Many people are now using AI tools like ChatGPT, Claude or Gemini to get advice, find information or summarise longer passages of text. But our recent research demonstrates how generative AI can be used for much more than this, returning results in different formats.
On the one hand, AI tools are neutral – they can be used for good or ill depending on one’s intent.
However, the models powering such tools can also suffer from biases based on how they were developed. AI tools, especially image generators, are also power hungry, ratcheting up the world’s energy usage.
And there are unresolved copyright claims surrounding AI-generated outputs, given the content used to train some of the models isn’t owned by the organisations developing the AI.
But ultimately, there’s no escaping generative AI. Learning more about what these tools can do will improve your digital literacy and help you understand their full impact, from benign to problematic.
1. Imagining what lies beyond the frame
Adobe’s recently developed “generative expand” tool allows users to expand the canvas of their photos and have Photoshop “imagine” what is happening beyond the frame.

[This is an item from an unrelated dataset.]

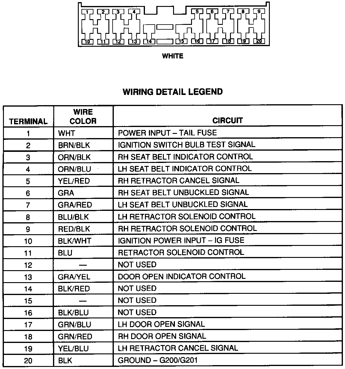 Automatic Seat Belts: Hardtop, Controller Connector:

Nine News infamously experimented with this tool for a broadcast featuring Victorian politician Georgie Purcell.
Here’s a video that shows how that tool works:
https://youtu.be/JjVoW3sXPmM?si=zdSG2PXV8T9FpZcV
But it can also be used more innocently to extend the borders of a landscape or still-life image, for example. You might do this when trying to edit a square Instagram photo to fit a 4x6 inch photo frame.
2. Visualising the past or the future
Photography was only invented within the past 200 years, and camera-equipped smartphones within the last 25.
That leaves us with plenty of things that existed before cameras were common, yet we might want to visualise them.